Nevertheless, Maloy — a former dancer with the North Carolina Dance Theatre (NCDT) in Charlotte — is determined to bring a professional company to Asheville, an area she believes is ready to raise the bar on dramatic arts.

“Asheville is well-rounded, with a professional opera [and] symphony, and two professional-theater companies,” the artistic director explains, referring to the Highland Repertory Theatre and the North Carolina Stage Company. “There are really great [dance] schools here that are training kids, and it’s important for the students to see what they’re aspiring to.”

Ann Dunn, director of Fletcher School of Dance and the strongest force in local ballet for at least the past decade-and-a-half, agrees that there is room in Asheville for Terpsicorps.

“The more dance, the better,” she declares. “Increased visibility for an art form I love and practice can only help all of us who love and practice [it].”

More pointedly, Dunn comments that “this wonderful cultural community can support — and more importantly, will be nourished by — whatever it decides to support.”

That ain’t professional

Dunn does object, however, to Terpsicorps calling itself Asheville’s first professional ballet company.

The dance teacher, a longtime Asheville resident, is also the artistic director of Asheville Ballet, which includes a core of six professional dancers known as AD DANCE. Members of the latter company join student dancers in Asheville Ballet’s three annual productions — a fall showcase of original works; The Nutcracker at Christmas; and a full-length spring ballet such as this year’s Giselle.

Led by ballet master Brynar Mehl — who’s worked with Ethel Merman and Ginger Rogers — this sextet of dancers is billed as having trained or performed with luminaries like The New York City Ballet, The Boitsov Ballet, Martha Graham and Merce Cunningham.

AD DANCE also promotes its members as “proud to be year-round residents of Western North Carolina.”

Maloy makes a distinction between a fully professional company such as Terpsicorps — which pays all its dancers — and a semi-professional one that may include student or amateur dancers.

Semi-professional outfits, she says, “have their place.

“It’s a great learning opportunity for up-and-coming dancers,” Maloy adds. “But it’s good for the community to have something different.”

Dunn reiterates the professional status of Asheville Ballet’s six core dancers — even as she notes that many of her students have gone on to pro work in other markets.
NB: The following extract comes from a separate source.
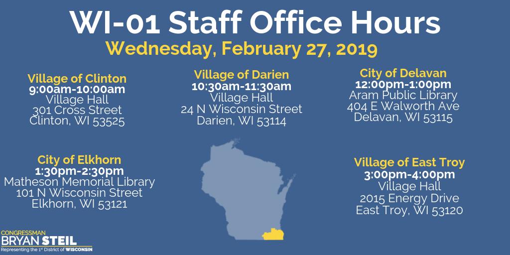 Today we have 5 staff office hours throughout #WI01. Stop by if you need help with a federal agency or want to share an opinion!pic.twitter.com/NkqPzYJ4sh

Everyone associated with AD DANCE, barring an apprentice, has had a career in the dance field, Dunn adds. And all of them “think of themselves … as professional dancers.”

But she and Maloy may be coming at their arguments from different angles.

“Professionalism, above all, is an attitude toward one’s work,” Dunn notes.

As for Terpsicorps members: They’re required to approach their work as a full-time job, donning various items of athletic wear each day, and putting in a 40-hour week, disciplining their bodies to be lithe, graceful and contemptuous of gravity.

Tricky moves

But getting such a company off the ground (so to speak) is a Herculean effort. Especially financially.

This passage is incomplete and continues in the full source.